The casting of Jacob Tremblay, Keith L. Williams and Brady Noon goes a long way towards making Good Boys work. These are believable friends, each with well established personalities and home lives. Stupnitsky and Eisenberg aren’t afraid of showing the absurd thoughts that run through their heads, counter to their parents’ views of them as perfect angels. A lot of the humour mainly comes through them trying to figure out the strange sexual activities of adults and teenagers. Their confusion at pornography and odd sex toys all succeed at being funny, because of their innocence mixed with their profanity-laced mouths. The filmmakers also get a lot of mileage from the relatable annoyance of trying to open child-proof caps.

Good Boys does build a solid plot around these youngsters and is smart enough to give it a lean runtime. Tremblay’s need to replace his father’s drone provides a ticking time clock and two college girls in pursuit of drugs make for worthy adversaries. The filmmakers thus allow this to be a springboard for many inspired gags, as does the quest to participate in a kissing party. The casting of the older characters also works well. Sam Richardson gets a great one-scene role as a policeman who comes across the boys, as does Stephen Merchant as a man who attempts to make a business transaction.

The movie does allow the characters to grow, leading to it becoming a more traditional coming-of-age story. It nicely touches on how children fear that their entire lives will be affected by things they do in their younger years, not realising these will just be minor blips. Watching the film several years removed from being the boys’ age also makes one see how much times have changed with the rampant growth in technology. On a directing level, Stupnitsky doesn’t bring too much to the table as he chooses to film the story in a very standard way. There is one stand-out chase scene, though, made even more hilarious by Midori Francis’s stoic impression as one of the aforementioned college girls.

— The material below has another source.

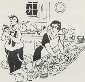
"Gosh . . . That was fun! I invited them all back next Saturday night."

Good Boys is not the most original comedy, with the sexual dialogue and abundance of swear words common in Seth Rogen productions. However, the material works more often than not and the three leads end up being rater endearing. The film doesn’t merely rest on the novelty of hearing 12 year olds spout dirty words and react to tampons. There is an actual story being told and major stakes involved. Well, major to people of that age. It gets a little funnier when one realises there will probably be children partaking in similar misadventures when they try to sneak into Good Boys.